**TO DO**
Return the entries below verbatim. Pictures stay out.

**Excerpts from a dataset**

■ ■ ■ ■ ■

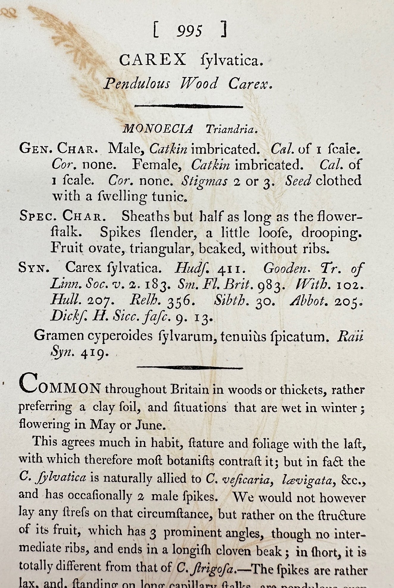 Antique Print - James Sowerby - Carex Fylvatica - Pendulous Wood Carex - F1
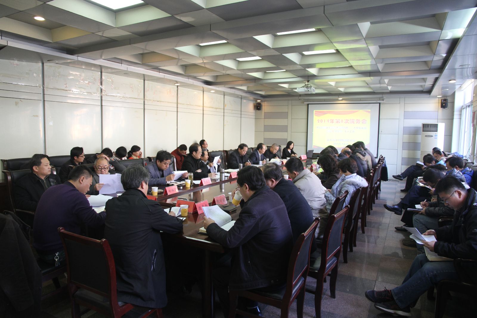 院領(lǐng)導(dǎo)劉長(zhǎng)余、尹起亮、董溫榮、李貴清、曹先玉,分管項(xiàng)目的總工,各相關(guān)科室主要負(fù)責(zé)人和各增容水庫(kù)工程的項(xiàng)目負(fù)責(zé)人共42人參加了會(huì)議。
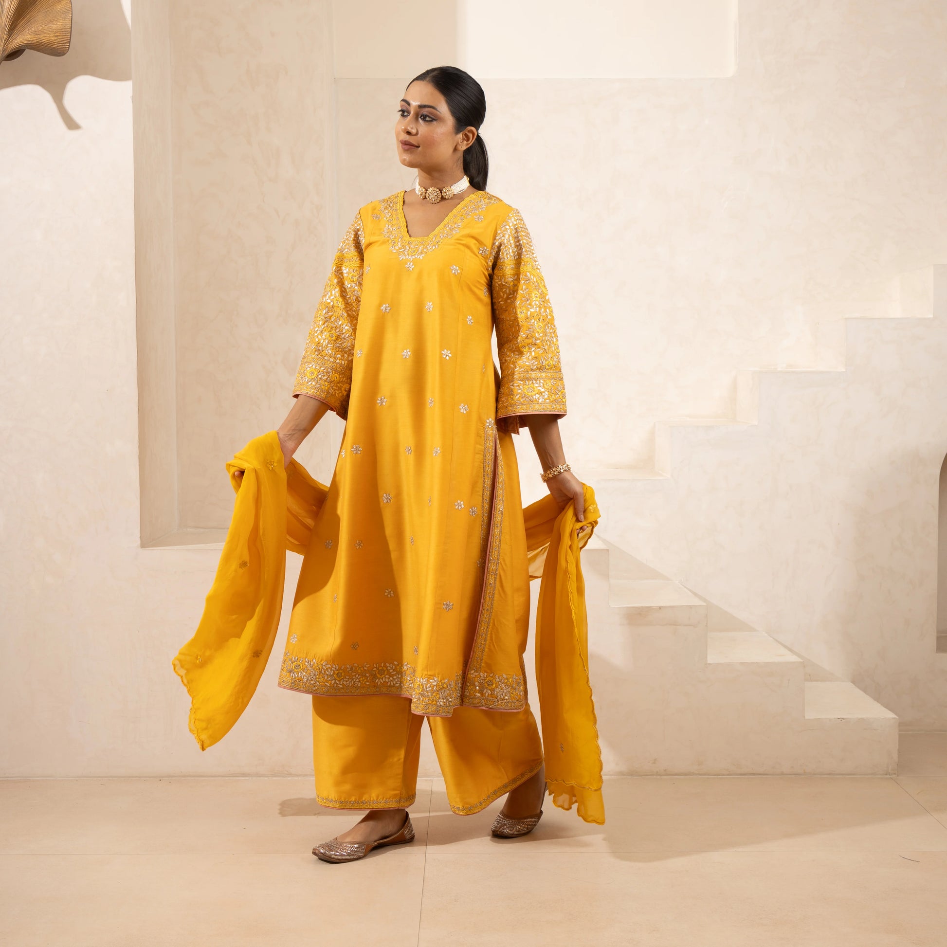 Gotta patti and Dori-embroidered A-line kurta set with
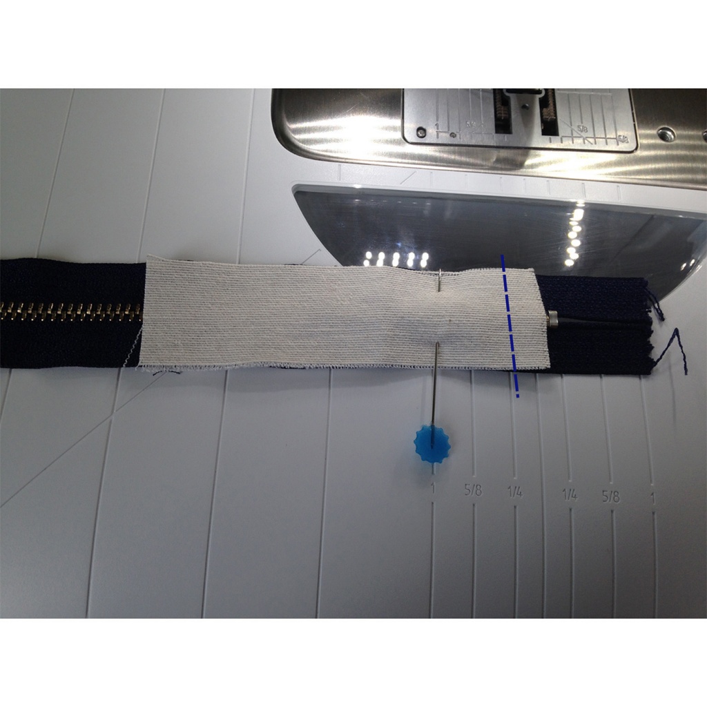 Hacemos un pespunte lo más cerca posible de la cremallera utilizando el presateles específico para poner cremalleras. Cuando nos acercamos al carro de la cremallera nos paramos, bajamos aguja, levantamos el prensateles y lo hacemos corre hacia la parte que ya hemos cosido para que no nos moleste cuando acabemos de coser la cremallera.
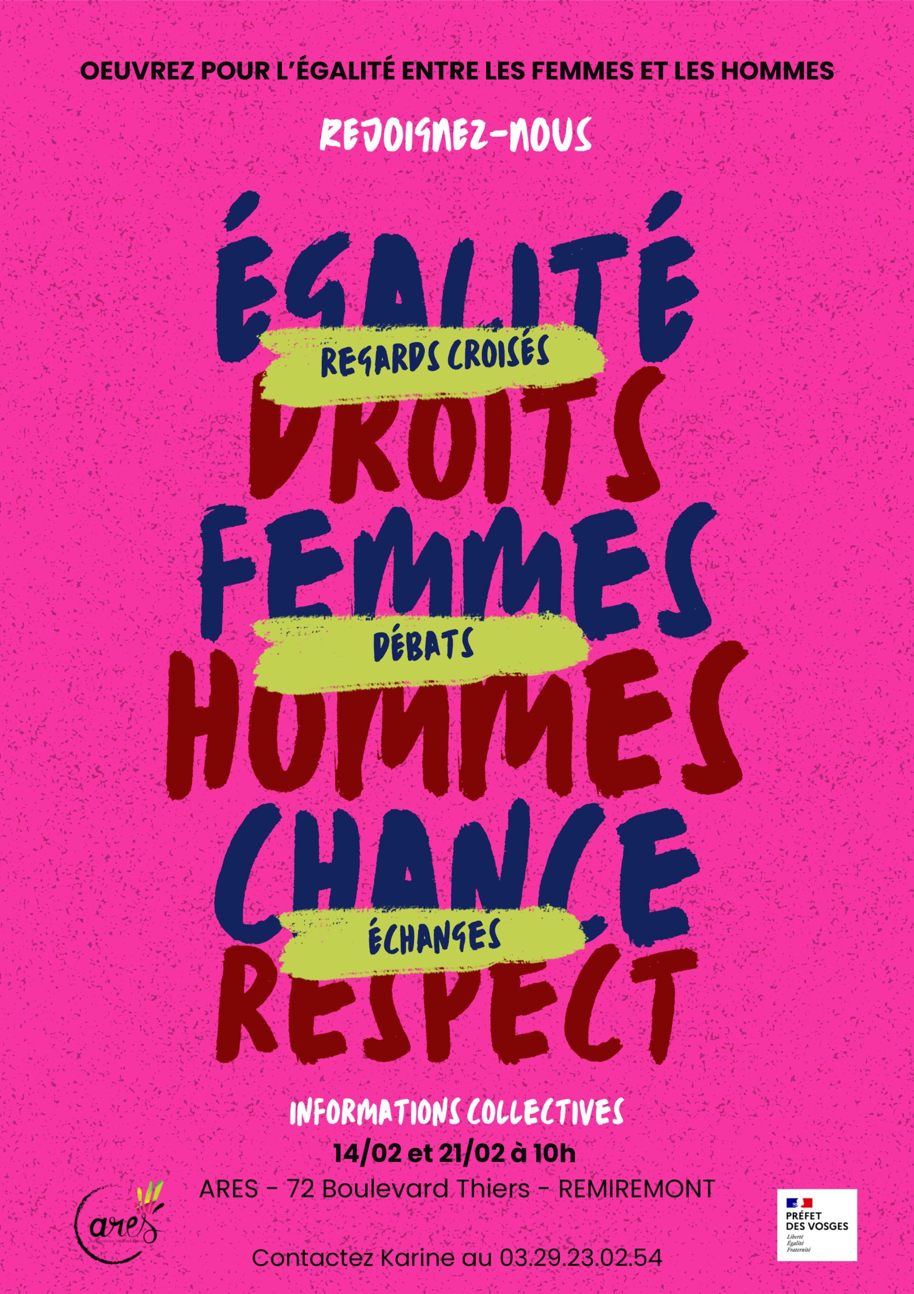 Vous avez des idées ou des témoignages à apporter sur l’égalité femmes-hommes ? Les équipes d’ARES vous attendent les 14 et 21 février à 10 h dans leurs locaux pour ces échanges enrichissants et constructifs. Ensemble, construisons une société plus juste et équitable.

■ ■ ■ ■ ■

**ANSWER FOR THE TASK**
 Antique Print - James Sowerby - Carex Fylvatica - Pendulous Wood Carex - F1
 院領(lǐng)導(dǎo)劉長(zhǎng)余、尹起亮、董溫榮、李貴清、曹先玉,分管項(xiàng)目的總工,各相關(guān)科室主要負(fù)責(zé)人和各增容水庫(kù)工程的項(xiàng)目負(fù)責(zé)人共42人參加了會(huì)議。
 Gotta patti and Dori-embroidered A-line kurta set with
 Hacemos un pespunte lo más cerca posible de la cremallera utilizando el presateles específico para poner cremalleras. Cuando nos acercamos al carro de la cremallera nos paramos, bajamos aguja, levantamos el prensateles y lo hacemos corre hacia la parte que ya hemos cosido para que no nos moleste cuando acabemos de coser la cremallera.
 Vous avez des idées ou des témoignages à apporter sur l’égalité femmes-hommes ? Les équipes d’ARES vous attendent les 14 et 21 février à 10 h dans leurs locaux pour ces échanges enrichissants et constructifs. Ensemble, construisons une société plus juste et équitable.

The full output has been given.